Anatoli Kuzmich Ljutjuk (Ukrainian: Анатолій Кузьмич Лютюк; born 1947) is a Ukrainian-Estonian friar and artist of collaborative handmade books. He lives in Tallinn, Estonia, where he founded the city's Ukrainian Greek Catholic Church and the Ukrainian Cultural Center.

Ukrainian Cultural Center 

The Ukrainian Cultural Center is located in Tallinn, Estonia. Labora is the name of its studios, which include a calligraphy school, print shop, and handmade paper mill.

Artistic works 
In the early 2000s, Ljutjuk began to pray for the animals he saw in his Tallinn church courtyard and started making icons of Estonia's endangered species. In 2006, Estonian poet Timo Maran visited the Ukrainian Cultural Center and saw Ljutjuk's artwork. Maran was inspired to write poems about the endangered animals. Maran's poems, new illustrations by Lujutjuk's son, Nestor Lujutjuk, and calligrapher Heino Kivihall became Poetics of Endangered Species: Estonia.This was followed by Poetics of Endangered Species: Ukraine. Editions of both books were donated to the British Library.
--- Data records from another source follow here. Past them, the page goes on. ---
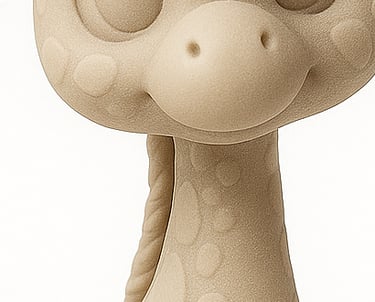 A forma kialakítása és funkciója: A figurák felületei tartalmaznak finomabban kidolgozott, ismétlődő vonalakat és éleket (pl. csíkok a Zebránál, vagy a Zsiráf foltjainak körvonalai).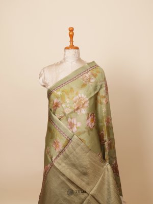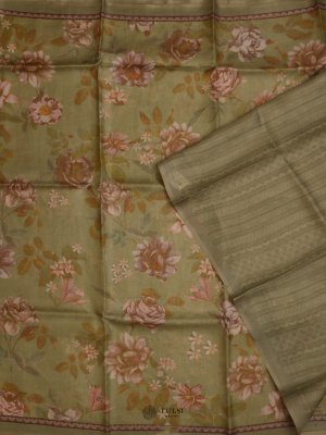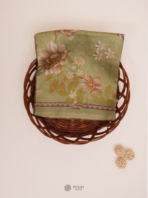 This beautiful organza silk saree features shades of Green and a floral printed pattern body with a self-woven zari border, which makes this saree perfect for every occasion.
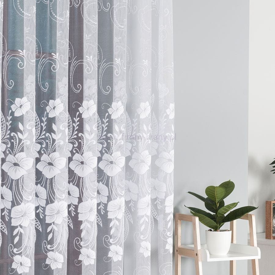 Firana żakardowa kwiaty 018041 - na taśmie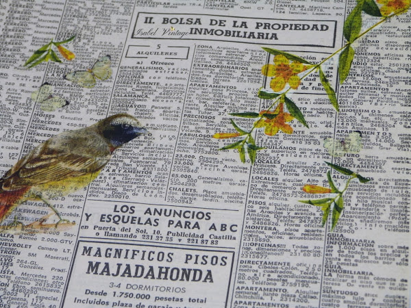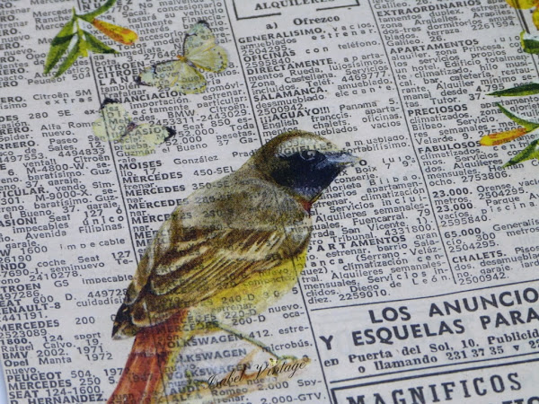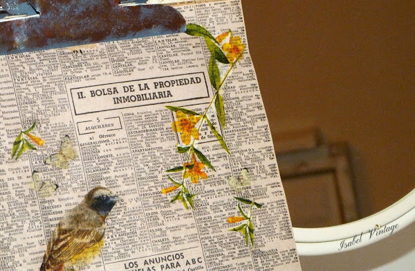 Decoupage con servilleta realizada sobre página de un periódico antiguo
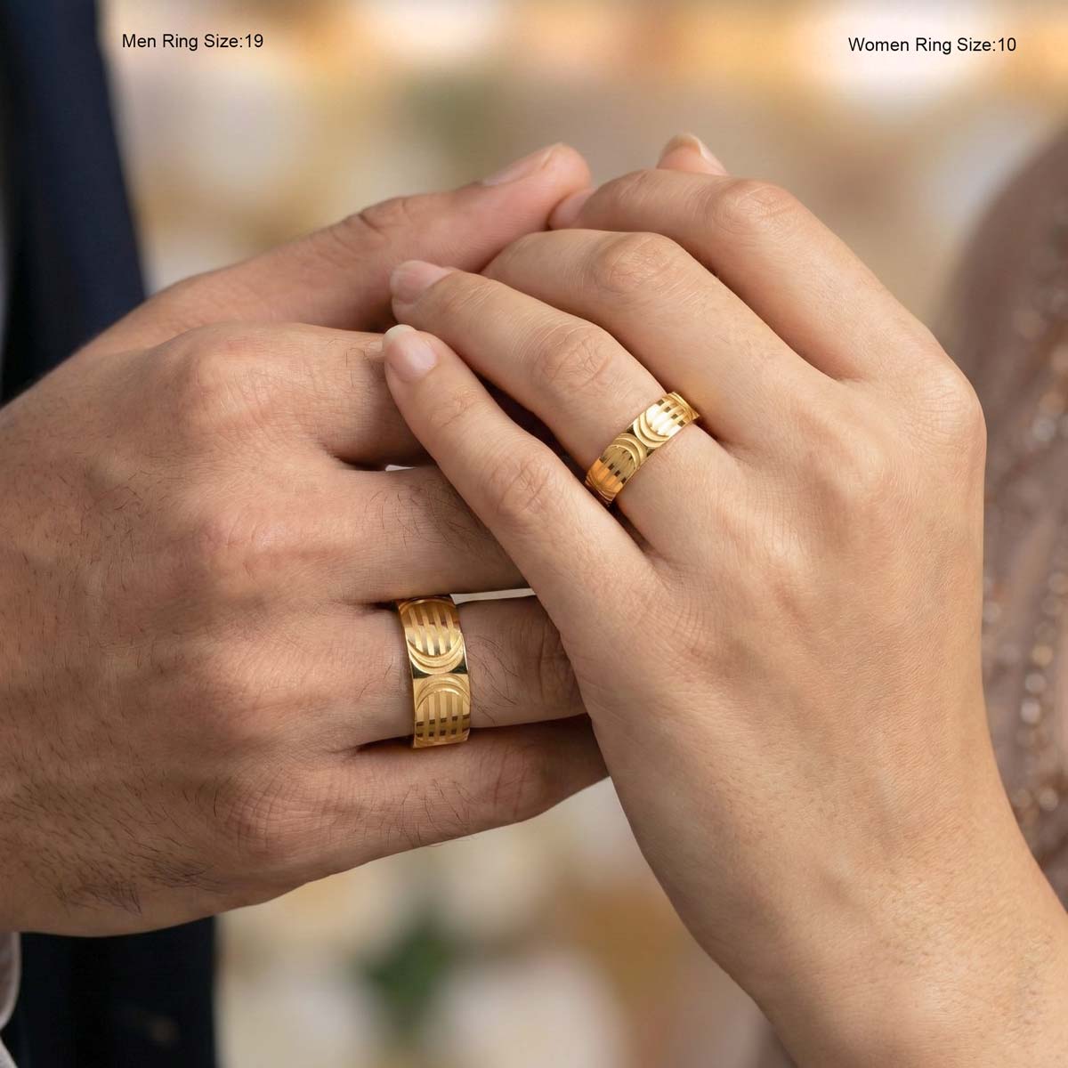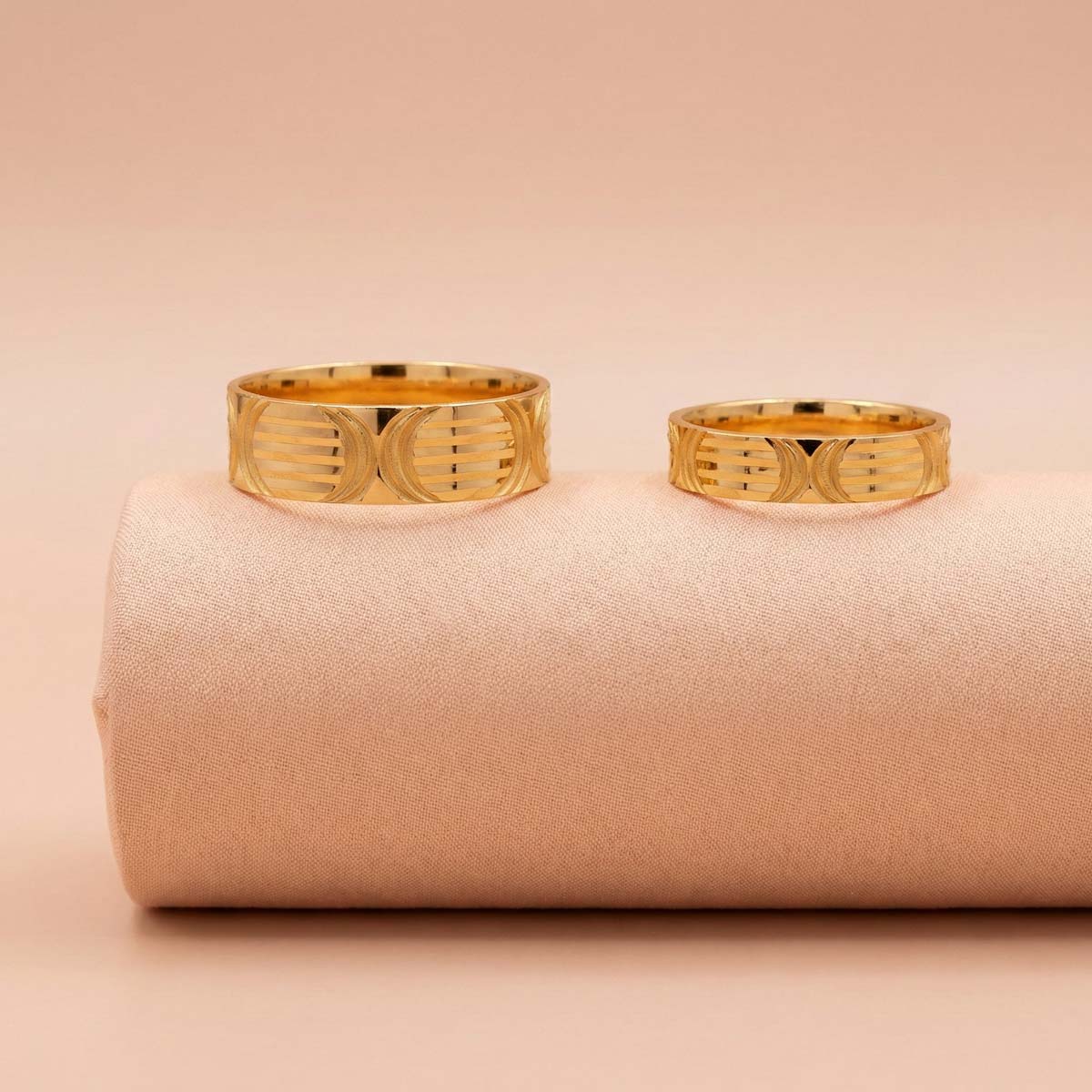 n: Celebrate your unique bond with these 22k gold minimalist couple rings. Featuring a contemporary geometric pattern and a sleek flat-band design, these rings are crafted for everyday elegance. Whether it’s an anniversary or a promise, these handcrafted bands from OVJ Jewels represent a love that is both modern and enduring.

Ljutjuk's next project was The Ark of Unique Cultures, with The Ark of Unique Cultures: The Hutsuls, created in 2014. It focuses on the Hutsuls, an ethnic group from western Ukraine and Romania. This book includes poems by Ukrainian poet Mariya Korpanyuk, plants collected from the Carpathian Mountains, and postcards designed by Ljutjuk with messages from Hutsul people.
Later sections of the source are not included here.